The first latent variable in the PLSC analysis of connectivity-estrogen relationships in postmenopausal female participants accounted for 43.8% of the cross-block variance (p = 0.05) and revealed that higher levels of total E2 and lower levels of free 16aOHE1 in plasma, and higher levels of free 16epiE3, total 3MeOE1, and total-free and total-total estrogens (summation all free estrogens and estrogen metabolites and summation of all free + conjugated estrogens and estrogen metabolites, respectively) in stool, were reliably associated with higher left LCC-ECN connectivity on bootstrap testing. The second latent variable accounted for 30.2% of the cross-block variance (p = 0.21) and revealed that higher levels of free E2, total 16aOHE1, and total-free and total-total estrogens in plasma were reliably associated with higher PAG-SMN connectivity on bootstrap testing (Fig. 4).
Relationships between estrogen levels and connectivity in postmenopausal females. In postmenopausal female participants, the first latent variable reflected estrogen levels reliably associated with left LCC-ECN connectivity, while the second variable reflected estrogen levels reliably associated with PAG-SMN connectivity. Heatmaps indicate the BSR of each evaluated estrogen and estrogen metabolite for the connectivity pattern shown in the corresponding bar graph, with statistically reliable ratios (at p < 0.01) highlighted in dark blue (BSR < − 2.58) or red (BSR > 2.58). Additional estrogens and estrogen metabolites with a BSR meeting a lower threshold of p < 0.05 are shown in light blue (BSR < − 1.96) or pink (BSR > 1.96). The plasma total levels of 16epiE3 and 17epiE3 were removed from analysis due to false positives (black bars). The bars in the bar graphs indicate the correlation between each connection and the estrogen pattern shown in the corresponding heatmap and the whiskers indicate the 95% confidence interval (confidence intervals entirely above or below zero were considered to indicate significance). Note: This simplified figure does not show the distributed and somewhat overlapping nature of the regions in the networks (which are listed in Table 1). BSR bootstrap ratio, DMN default mode network, ECN executive control network, LCC locus coeruleus complex, PAG periaqueductal gray, SMN sensorimotor network, E1 estrone, E2 estradiol, E3 estriol: 2OHE1 2-hydroxyestrone, 2MeOE1 2-methoxyestrone, 2OHE2 2-hydroxyestradiol, 2MeOE2 2-methoxyestradiol, 3MeOE1 2-hydroxyestrone-3-methyl ether, 4OHE1 4-hydroxyestrone, 4MeOE1 4-methoxyestrone, 4MeOE2 4-methoxyestradiol, 16aOHE1 16α-hydroxyestrone, 17epiE3 17-epiestriol, 16ketoE2 16-ketoestradiol, 16epiE3 16-epiestriol; Total, summation of all free or total (free + conjugated) estrogens and estrogen metabolites, dependent on category
Relationships between anxiety and somatic symptoms and brainstem connectivity
Relationships between left LCC-ECN, PAG-DMN, and PAG-SMN connectivity and anxiety and somatic symptoms were similarly examined in the total sample and in each participant group (i.e. males, premenopausal females, postmenopausal females).
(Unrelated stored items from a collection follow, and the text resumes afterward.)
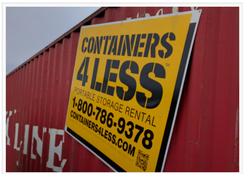
C4Less Truck Exterior

Conex containers, also known as shipping containers, have become the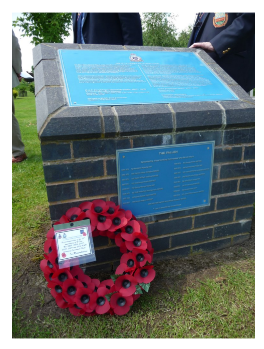
The RAF Servicing Commando Plinth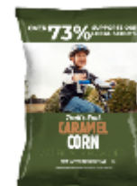
$10 Caramel Corn

Customers pay shipping: $7.99 plus $.99 per additional item (bundles of 2 are $8.98; bundles of 3 are $9.97). Products & pricing subject to availability and change.

The first latent variable in the PLSC analysis of relationships between brainstem connectivity and anxiety/somatic symptoms in the total sample accounted for 44.4% of the cross-block variance (p = 0.10) and revealed that higher HAD anxiety (BSR = 1.97, p = 0.049) was reliably associated higher left LCC-ECN connectivity on bootstrap testing (r = 0.10, 95% confidence interval [95% CI] 0.02–0.26). No other latent variables had statistically reliable saliences on bootstrap testing.
The first latent variable in the PLSC analysis of relationships between brainstem connectivity and anxiety and somatic symptoms in male participants accounted for 65.8%of the cross-block variance (p = 0.002) and revealed that higher perceived stress (BSR = 2.78, p = 0.005) and trait anxiety (BSR = 4.05, p < 0.001) were reliably associated with higher PAG-DMN connectivity on bootstrap testing (r = 0.40, 95% CI 0.21–0.59). No other latent variables had statistically reliable saliences on bootstrap testing.
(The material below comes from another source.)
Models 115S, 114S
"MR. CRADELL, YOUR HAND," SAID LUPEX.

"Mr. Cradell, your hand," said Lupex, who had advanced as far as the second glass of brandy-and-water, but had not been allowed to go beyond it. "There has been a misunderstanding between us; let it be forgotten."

The first latent variable in the PLSC analysis of relationships between brainstem connectivity and anxiety and somatic symptoms in premenopausal female participants accounted for 54.5% of the cross-block variance (p = 0.06) and revealed that higher PHQ-15 scores (BSR = 2.29, p = 0.02) were reliably associated with higher left LCC-ECN connectivity on bootstrap testing (r = 0.21, 95% CI 0.08–0.44). In addition, the second latent variable accounted for 36.1% of the cross-block variance (p = 0.36) and revealed that higher PILL scores (BSR = 2.40, p = 0.02) were reliably associated with higher PAG-SMN connectivity on bootstrap testing (r = 0.28, 95% CI 0.02–0.46).
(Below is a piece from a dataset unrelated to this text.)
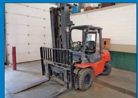
7,000 Lb. Toyota Model 7FDU35 Diesel Fuel Pneumatic Tire Lift Truck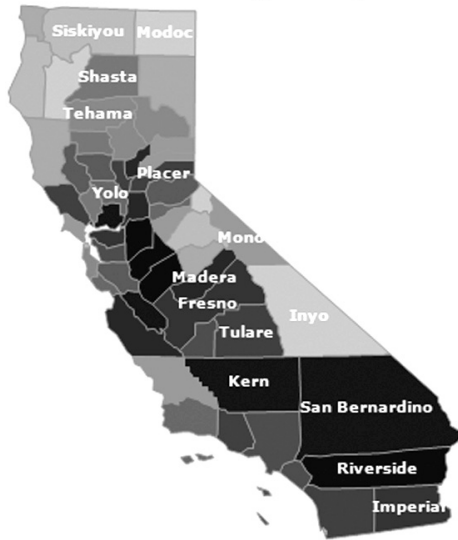
Properties with Foreclosure Filings in August, 2008

PLSC analysis of relationships between brainstem connectivity and anxiety and somatic symptoms in postmenopausal female participants did not reveal any statistically reliable associations.
Discussion
The present study evaluated differences in resting-state connectivity between specific brainstem nuclei (DRN, left and right LCC, and PAG) and key brain networks (CAN, DMN, EAN, ECN, SAL, and SMN) implicated in stress responsiveness and pain modulation according to sex and menopausal status in healthy individuals. We found a significant overall sex difference in left LCC-ECN connectivity, with generally higher connectivity in female participants than in male participants, mainly driven by higher connectivity in premenopausal female participants. There was also significantly higher PAG-SMN connectivity in premenopausal female participants than in male participants and in premenopausal female participants than in postmenopausal female participants. In contrast, significantly higher PAG-DMN connectivity was present in postmenopausal female participants than in male participants. Further, relationships between left LCC-ECN, PAG-SMN, and PAG-DMN and estrogen levels in plasma and stool, as well as anxiety and somatic symptoms, were observed.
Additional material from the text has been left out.